* [RECORDED DATA]

____________________

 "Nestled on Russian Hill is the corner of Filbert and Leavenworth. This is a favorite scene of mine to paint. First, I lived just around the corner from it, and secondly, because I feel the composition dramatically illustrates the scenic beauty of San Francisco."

____________________

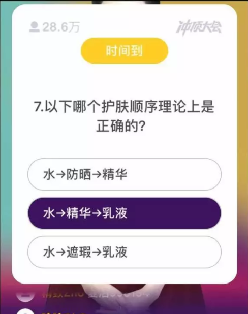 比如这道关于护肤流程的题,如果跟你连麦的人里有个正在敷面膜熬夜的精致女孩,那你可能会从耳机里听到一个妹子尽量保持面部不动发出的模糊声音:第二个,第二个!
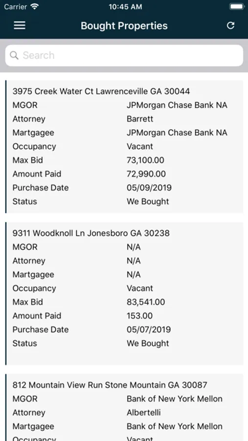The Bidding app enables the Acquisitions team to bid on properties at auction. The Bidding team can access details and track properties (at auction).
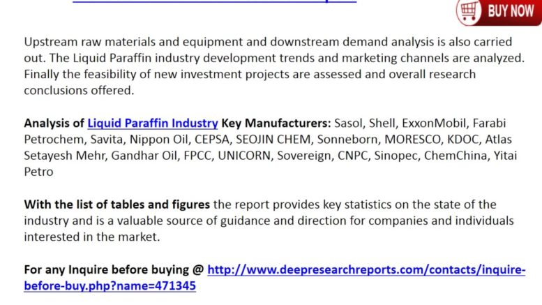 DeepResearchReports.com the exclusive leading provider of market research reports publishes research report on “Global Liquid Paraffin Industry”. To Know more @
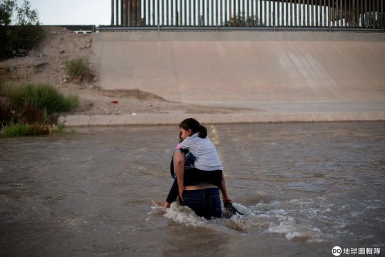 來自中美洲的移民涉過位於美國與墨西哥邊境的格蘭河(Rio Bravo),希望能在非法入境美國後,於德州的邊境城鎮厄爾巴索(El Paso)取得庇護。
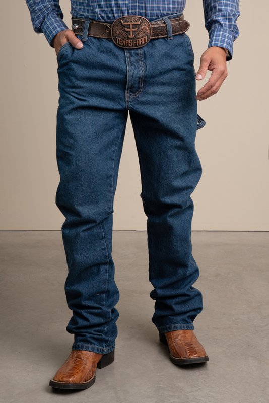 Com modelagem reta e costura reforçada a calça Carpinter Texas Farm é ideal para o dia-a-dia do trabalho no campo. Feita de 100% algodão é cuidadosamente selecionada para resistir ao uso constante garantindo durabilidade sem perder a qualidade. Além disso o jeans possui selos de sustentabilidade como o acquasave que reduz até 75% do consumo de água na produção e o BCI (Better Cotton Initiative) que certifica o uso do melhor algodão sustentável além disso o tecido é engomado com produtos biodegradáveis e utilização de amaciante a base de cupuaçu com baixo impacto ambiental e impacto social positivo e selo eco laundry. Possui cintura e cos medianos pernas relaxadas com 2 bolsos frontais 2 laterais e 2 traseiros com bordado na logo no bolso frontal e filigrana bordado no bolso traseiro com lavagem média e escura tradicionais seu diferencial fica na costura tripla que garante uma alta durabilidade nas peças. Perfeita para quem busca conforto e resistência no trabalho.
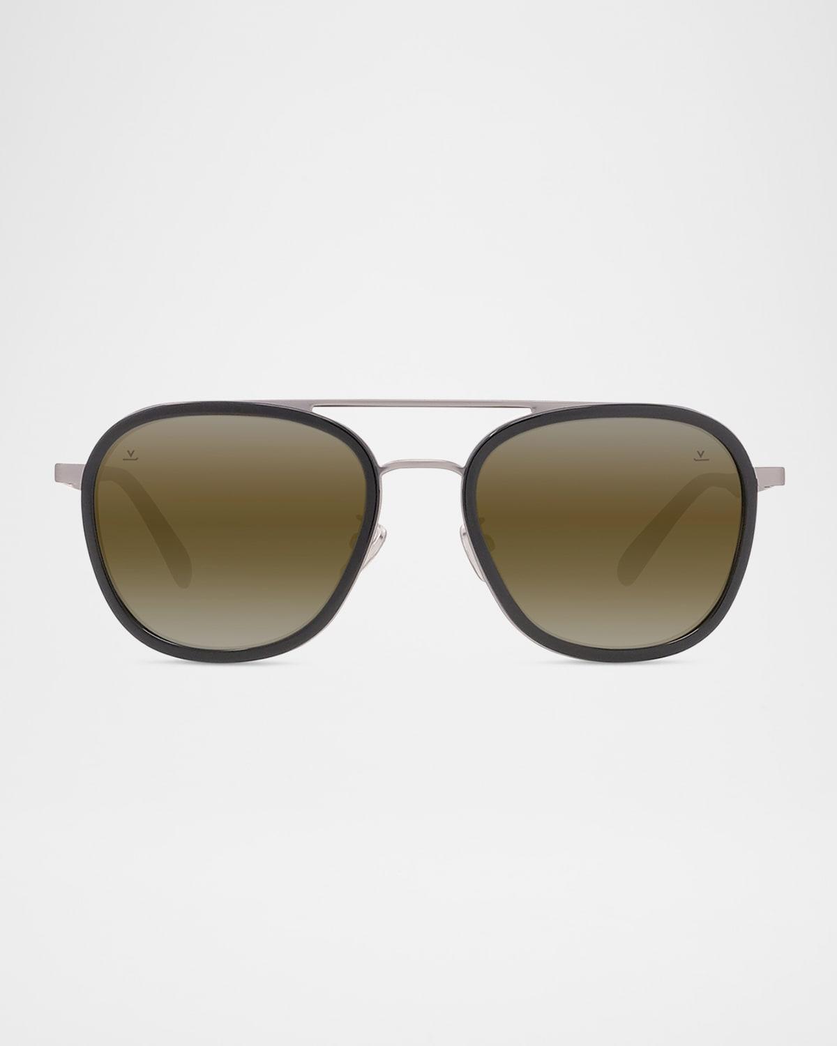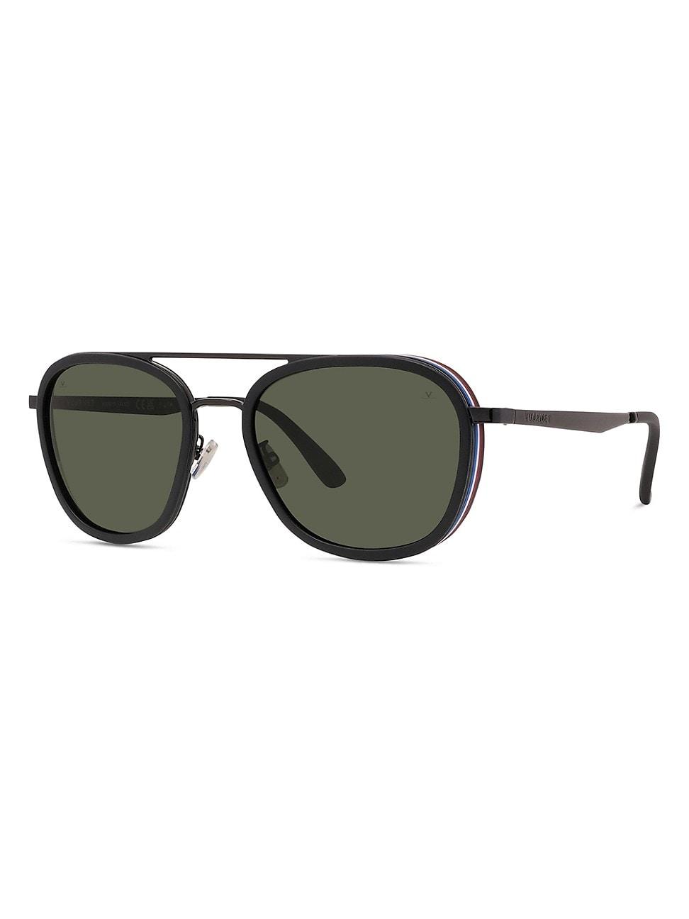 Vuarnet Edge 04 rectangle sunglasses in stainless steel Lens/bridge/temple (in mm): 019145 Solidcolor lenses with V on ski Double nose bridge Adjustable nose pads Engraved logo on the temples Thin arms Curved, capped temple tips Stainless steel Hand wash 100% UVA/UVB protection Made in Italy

____________________

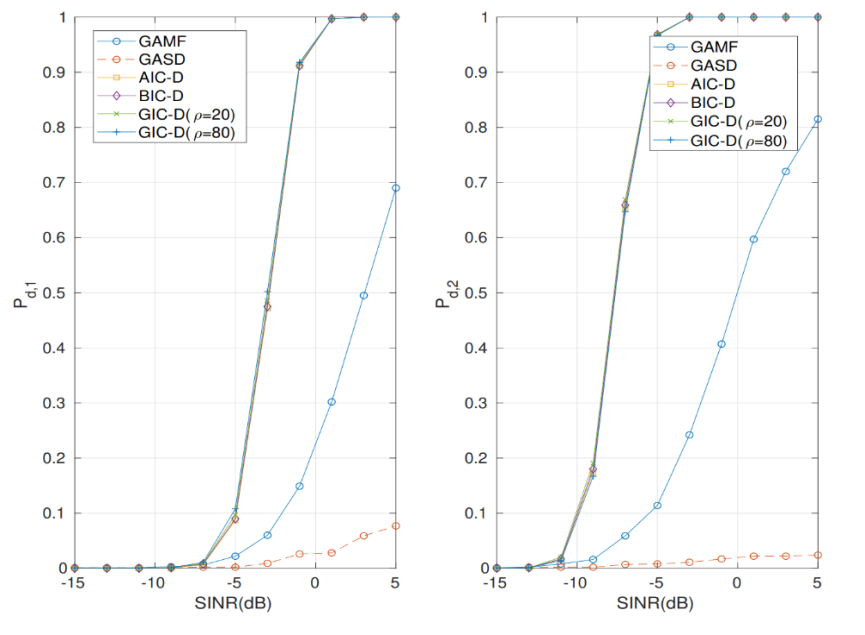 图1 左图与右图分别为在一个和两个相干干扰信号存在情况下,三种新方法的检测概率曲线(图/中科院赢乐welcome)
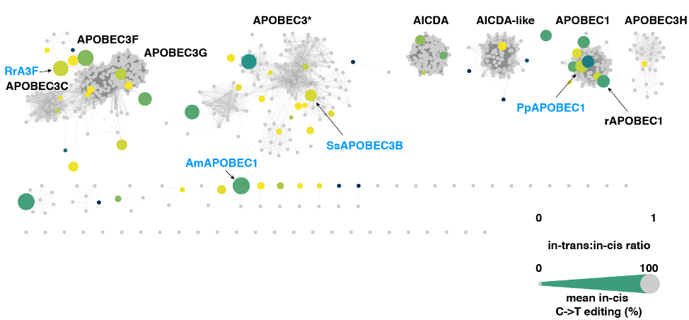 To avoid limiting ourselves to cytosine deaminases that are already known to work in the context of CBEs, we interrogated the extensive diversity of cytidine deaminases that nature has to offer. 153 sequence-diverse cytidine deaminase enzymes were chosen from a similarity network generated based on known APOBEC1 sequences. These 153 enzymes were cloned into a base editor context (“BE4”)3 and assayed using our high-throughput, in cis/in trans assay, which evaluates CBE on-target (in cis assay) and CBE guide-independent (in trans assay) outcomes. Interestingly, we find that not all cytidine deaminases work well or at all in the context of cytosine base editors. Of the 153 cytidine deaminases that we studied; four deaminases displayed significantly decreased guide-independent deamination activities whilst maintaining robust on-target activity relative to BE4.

____________________

* [ASSIGNED TASK] In the entries above, which lines run from the one with "The Bidding app" up to and including the one with "Com modelagem reta"? Write them out exactly, without the pictures.

* [RESPONSE AREA]
The Bidding app enables the Acquisitions team to bid on properties at auction. The Bidding team can access details and track properties (at auction).
 DeepResearchReports.com the exclusive leading provider of market research reports publishes research report on “Global Liquid Paraffin Industry”. To Know more @
 來自中美洲的移民涉過位於美國與墨西哥邊境的格蘭河(Rio Bravo),希望能在非法入境美國後,於德州的邊境城鎮厄爾巴索(El Paso)取得庇護。
 Com modelagem reta e costura reforçada a calça Carpinter Texas Farm é ideal para o dia-a-dia do trabalho no campo. Feita de 100% algodão é cuidadosamente selecionada para resistir ao uso constante garantindo durabilidade sem perder a qualidade. Além disso o jeans possui selos de sustentabilidade como o acquasave que reduz até 75% do consumo de água na produção e o BCI (Better Cotton Initiative) que certifica o uso do melhor algodão sustentável além disso o tecido é engomado com produtos biodegradáveis e utilização de amaciante a base de cupuaçu com baixo impacto ambiental e impacto social positivo e selo eco laundry. Possui cintura e cos medianos pernas relaxadas com 2 bolsos frontais 2 laterais e 2 traseiros com bordado na logo no bolso frontal e filigrana bordado no bolso traseiro com lavagem média e escura tradicionais seu diferencial fica na costura tripla que garante uma alta durabilidade nas peças. Perfeita para quem busca conforto e resistência no trabalho.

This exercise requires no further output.